-- Task description --
Would you print exactly the lines that begin the listing and continue through the line holding "COMBO 10 Phơi"? No pictures, please.

____ Data

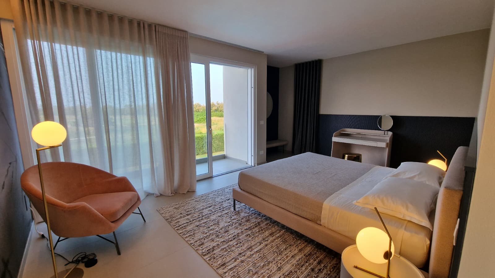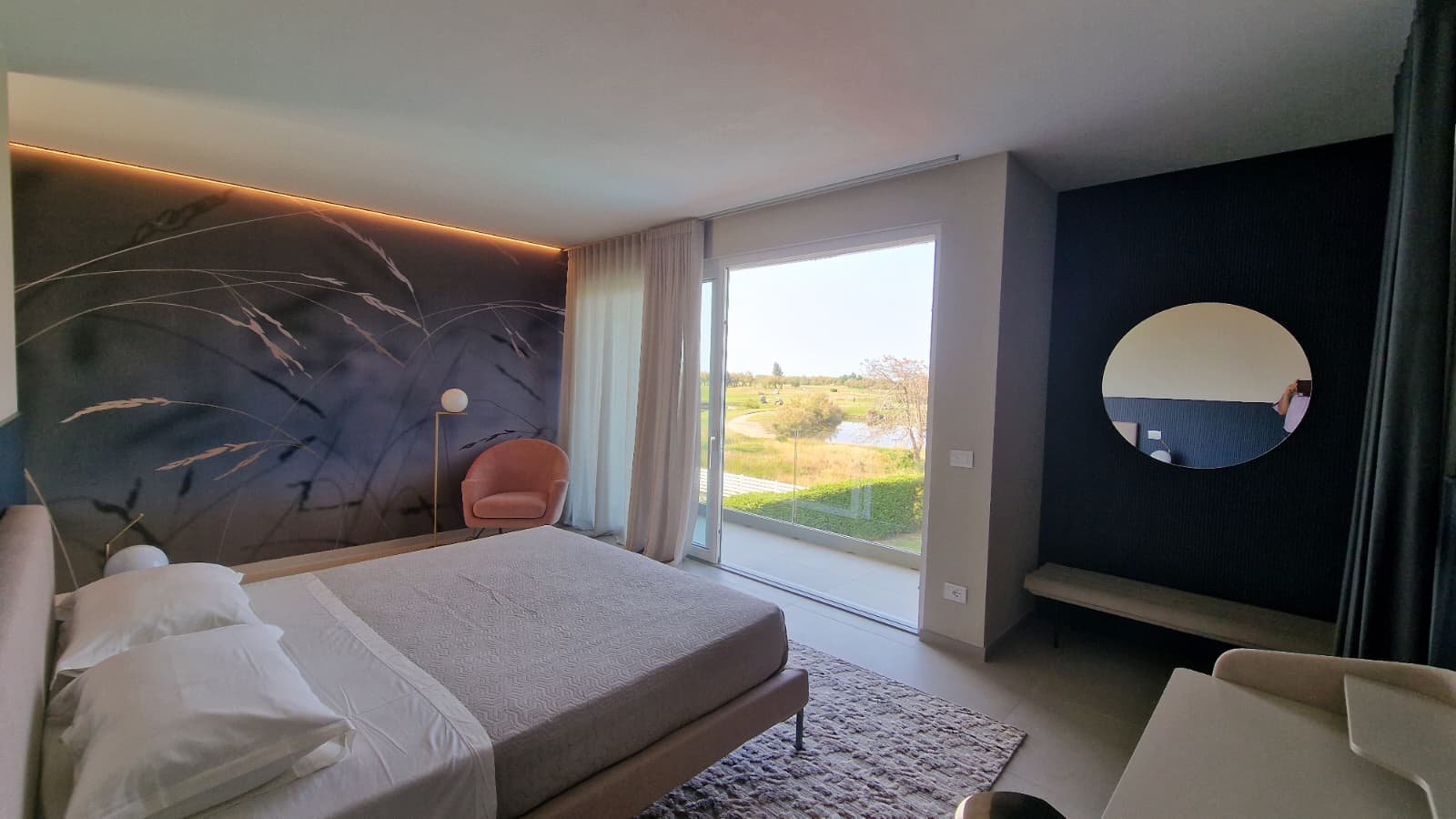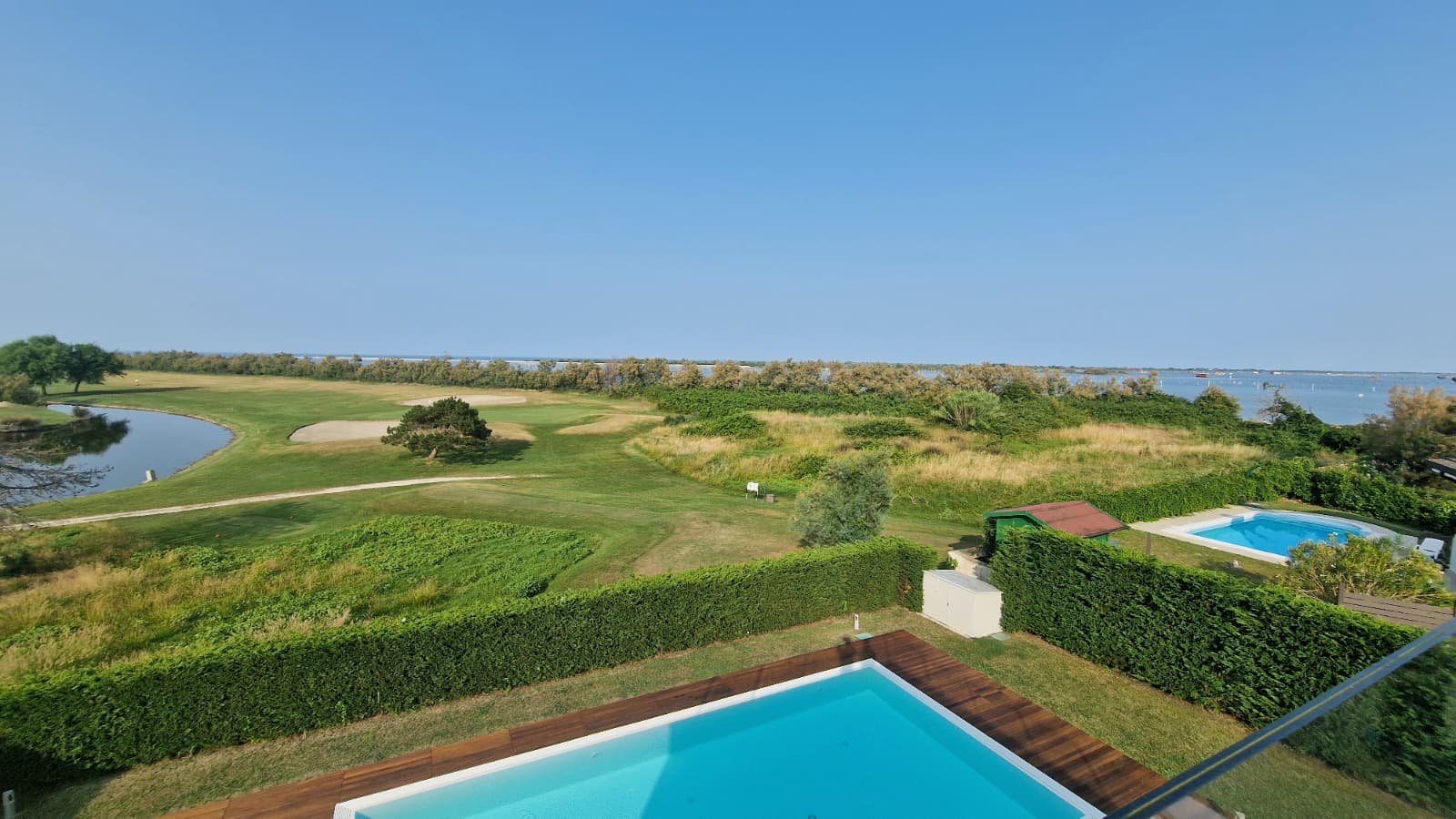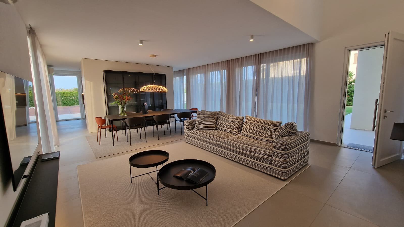 Die Villa erstreckt sich über 450 m² auf drei Ebenen und steht auf einem großzügigen Grundstück von 1.300 m². Lichtdurchflutete Räume, offene Glasfronten und ein fließender Übergang von innen nach außen schaffen ein Wohngefühl voller Leichtigkeit. Das Konzept: maximale Nähe zur Natur. Von jedem Raum aus schweift der Blick über den gepflegten Garten, den weitläufigen Pool und das satte Grün des Golfplatzes.
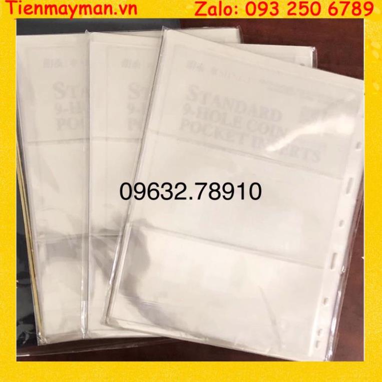 COMBO 10 Phơi đựng tiền nhựa MINGT loại 3 ngăn - phơi trongPhơi đựng tiền giấy PCCB 9 lỗ có thể gắn vừa Album 4 còng PCCB và các loại album 3 còng khác, với kích thước 21.5 x 28cm do hãng chuyên sản xuất dụng cụ sưu tầm tiền PCCB, Đài Loan sản xuất, chất lượng được giới sưu tầm đánh giá cao, hơn hẵn các loại phơi được sản xuất tại Việt Nam. Shop Quatangsuutam.com cung cấp các loại phơi đựng tiền giấy 1 ngăn, 2 ngăn, 3 ngăn và 4 ngăn để phù hợp với kích thước của từng loại tiền sưu tầm.
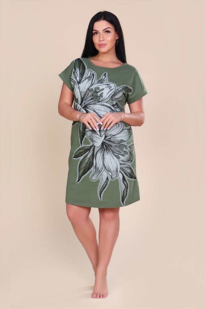 Застежка: без застежки ВНИМАНИЕ!!! Ограниченная серия... Закажите прямо сейчас стильную женскую тунику больших размеров, которая идеально подойдет для летних дней! Эта туника свободного кроя длиной до колена станет отличным выбором как для домашнего использования, так и для прогулок на свежем воздухе. Изготовленная из натурального хлопка, туника выполнена из кулирной глади, что делает ее очень приятной на ощупь и дышащей. Короткие рукава и круглый вырез горловины дополняют ее удобный и практичный дизайн. Свободный крой позволяет комфортно носить тунику женщинам с любым типом фигуры, а также подойдет для будущих мам, обеспечивая свободу движений. Берите оба цвета! Стильные расцветки темно-зеленый цвет хаки с крупным принтом и фуксия добавят образу яркости и уникальности. Эта легкая туника прекрасно сочетается как со спортивной, так и с классической обувью, что позволит вам создавать разные образы в зависимости от повода. Не упустите возможность добавить этот стильный и удобный элемент в свой гардероб!

________

-- Exercise solution --
 Die Villa erstreckt sich über 450 m² auf drei Ebenen und steht auf einem großzügigen Grundstück von 1.300 m². Lichtdurchflutete Räume, offene Glasfronten und ein fließender Übergang von innen nach außen schaffen ein Wohngefühl voller Leichtigkeit. Das Konzept: maximale Nähe zur Natur. Von jedem Raum aus schweift der Blick über den gepflegten Garten, den weitläufigen Pool und das satte Grün des Golfplatzes.
 COMBO 10 Phơi đựng tiền nhựa MINGT loại 3 ngăn - phơi trongPhơi đựng tiền giấy PCCB 9 lỗ có thể gắn vừa Album 4 còng PCCB và các loại album 3 còng khác, với kích thước 21.5 x 28cm do hãng chuyên sản xuất dụng cụ sưu tầm tiền PCCB, Đài Loan sản xuất, chất lượng được giới sưu tầm đánh giá cao, hơn hẵn các loại phơi được sản xuất tại Việt Nam. Shop Quatangsuutam.com cung cấp các loại phơi đựng tiền giấy 1 ngăn, 2 ngăn, 3 ngăn và 4 ngăn để phù hợp với kích thước của từng loại tiền sưu tầm.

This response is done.